Check that the slave can connect to the master instance, using the following steps:

  1. Use ping to check the master is reachable. eg ping master.yourdomain.com
  2. Use ping with ip address to check that DNS isn’t broken. eg. ping 192.168.1.2
  3. Use mysql client to connect from slave to master. eg mysql -u repluser -pREPLPASS –host=master.yourdomain.com –port=3306 (substitute whatever port you are connecting to the master on)
  4. If all steps work, then check that the repluser (the SLAVE replication user has the REPLICATION SLAVE privilege). eg. show grants for ‘repl’@’slave.yourdomain.com’;

Resolution:

  • If step 1 and 2 fail, you have a network or firewall issue. Check with a network/firewall administrator or check the logs if you wear those hats.
  • If Step 1 fails but Step 2 works, you have a DNS or names resolution issue. Check that the slave can connect and resolves names using mysql client or ssh/telnet/remote desktop.
  • If Step 3 fails, you need to check the error reported, it will either be a authentication issue (login failed/denied) or an issue with the TCP port the master is listening on. A good way to verify that port is open is to use: telnet master.yourdomain.com 3306 (or the port the master is listening on) if that fails then there is a firewall(s) in the network which are blocking that port.
  • If you get to step 4 and everything looks fine and the slave does reconnect fine on retrying. Then you have probably had either temporary, network failure, names resolution failure, firewall failure or any of the prior together.

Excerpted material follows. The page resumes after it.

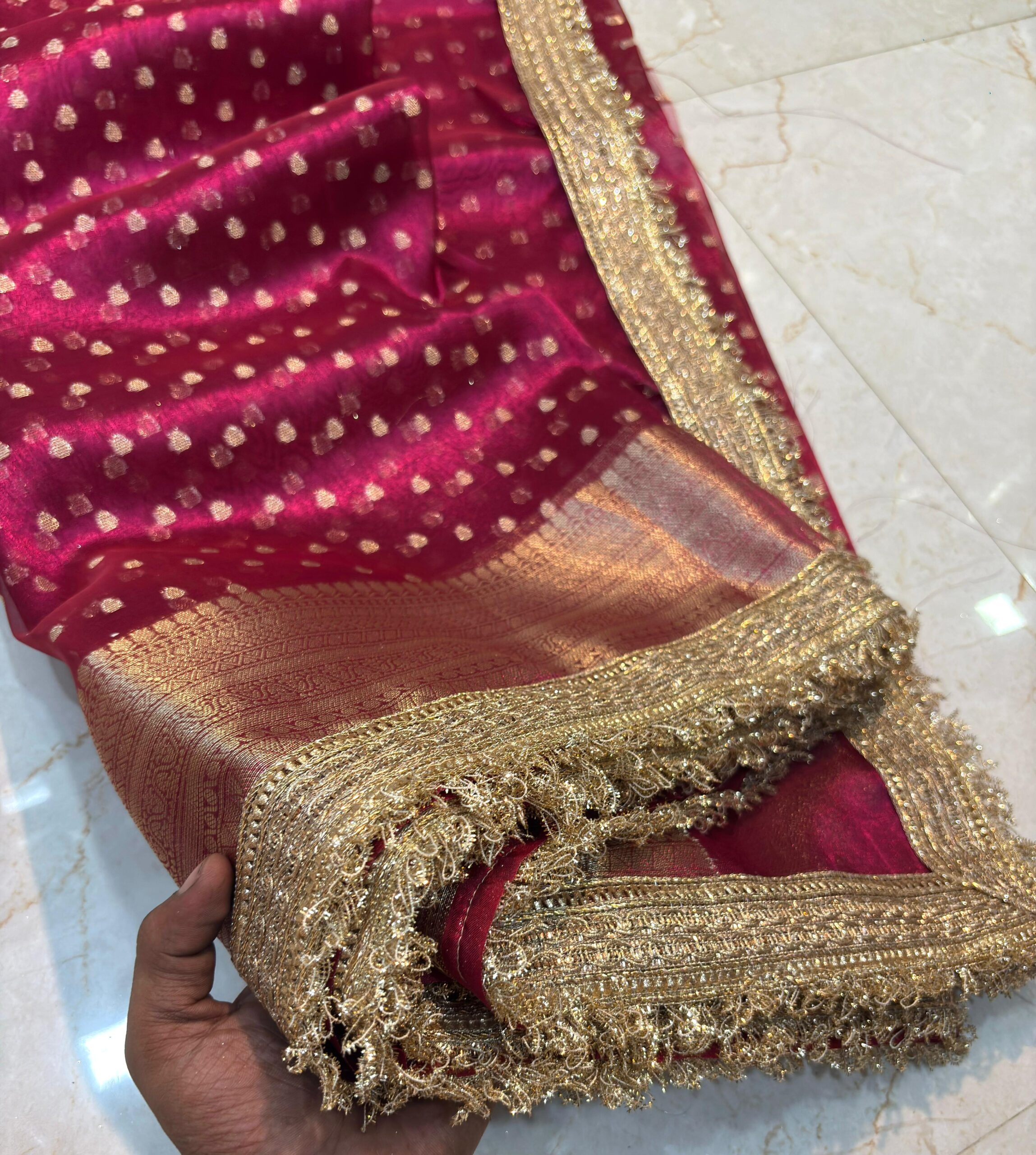 Weave: Fine machine-woven Banarasi zari work, reflecting light with every fold for a rich festive glow.
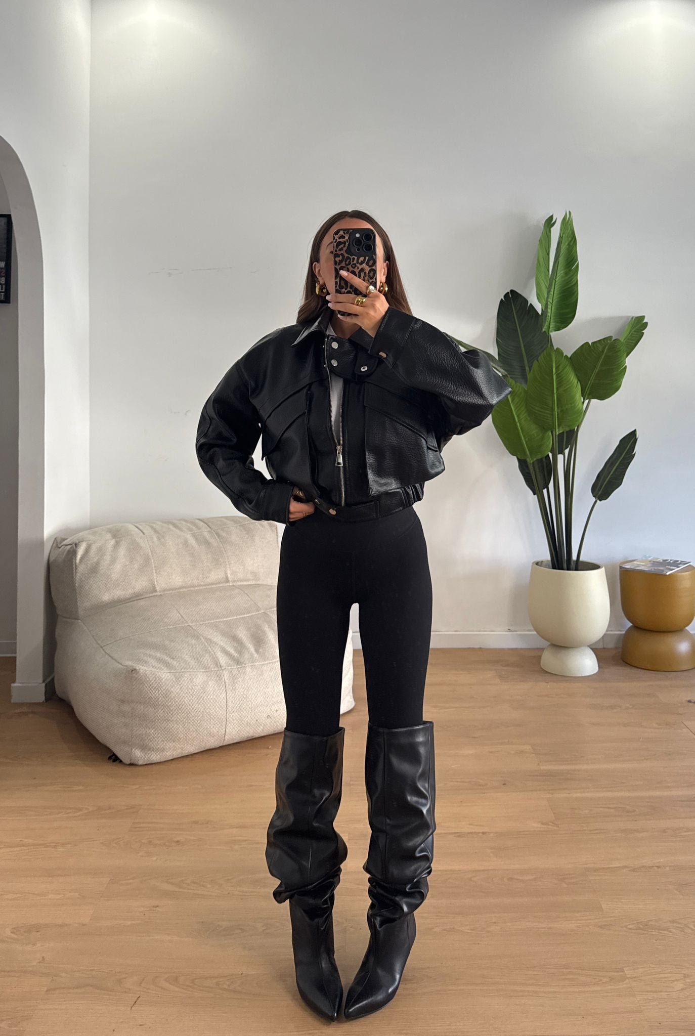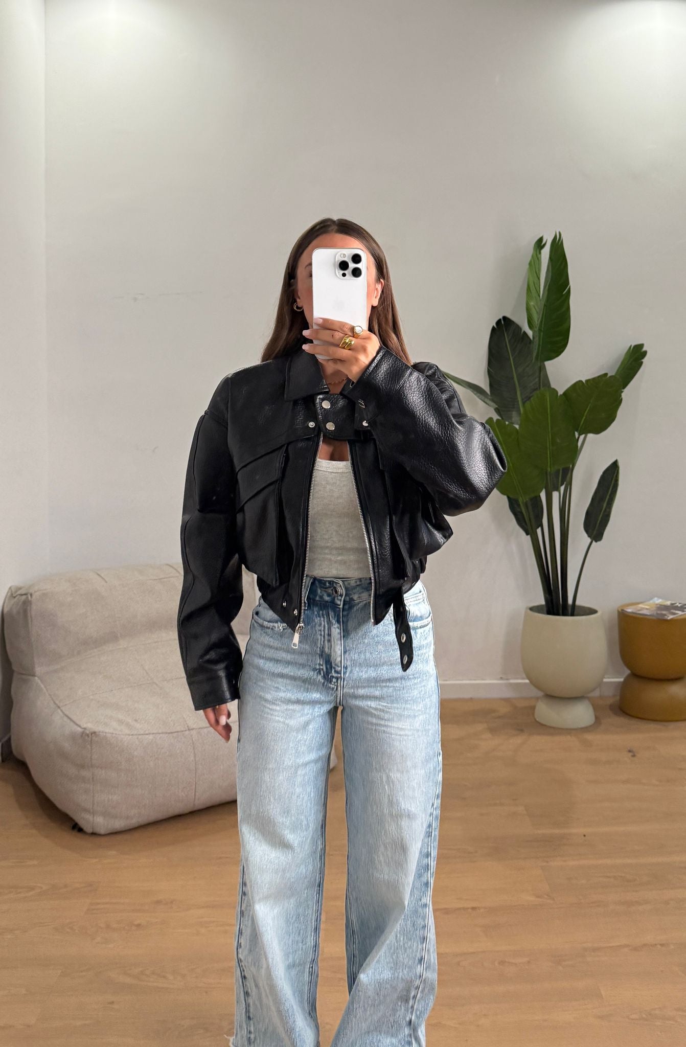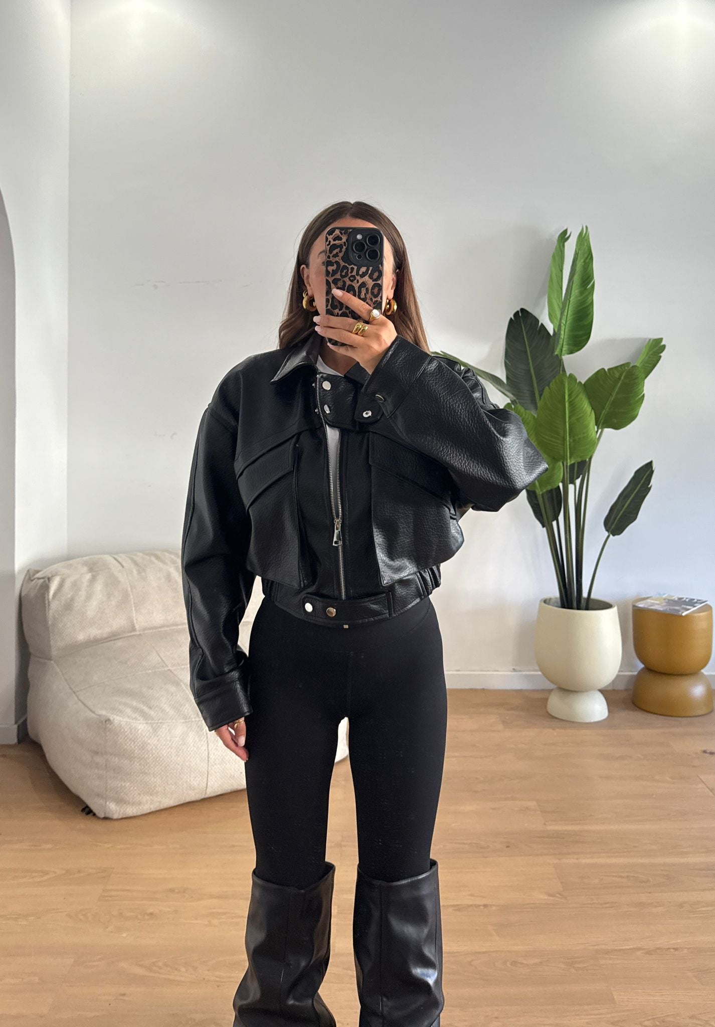 Giubbino da donna in ecopelle foderato internamente e veste regolarmente la propria taglia e la modella indossa taglia S/M

Continuing Sporadic issues:

Get hold of the network and firewall logs.
If this is not possible, setup a script to periodically ping, connect, mysql connect and log that over
time to prove to your friendly network admin that there is an problem with the network.

How MySQL deals with it:

MySQL will try and reconnect by itself after a network failure or query timeout.

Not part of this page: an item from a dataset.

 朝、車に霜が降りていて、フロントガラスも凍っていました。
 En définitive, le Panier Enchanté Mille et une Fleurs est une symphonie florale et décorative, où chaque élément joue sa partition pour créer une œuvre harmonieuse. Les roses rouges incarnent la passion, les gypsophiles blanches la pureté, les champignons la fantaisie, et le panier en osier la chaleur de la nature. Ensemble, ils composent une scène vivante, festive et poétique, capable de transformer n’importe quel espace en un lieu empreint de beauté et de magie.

The process is governed by a few variables:

master-connect-retry
slave-net-timeout
master-retry-count

In a nutshell, a MySQL slave will try to reconnect after getting a timeout (slave-net-timeout) after waiting the number of seconds in master-connect-retry but only for the number of times
specified in master-retry-count.
By default, a MySQL slave waits one hour before retry, and will then retry every 60 seconds for 86,400 times. That is every minute for 60 days.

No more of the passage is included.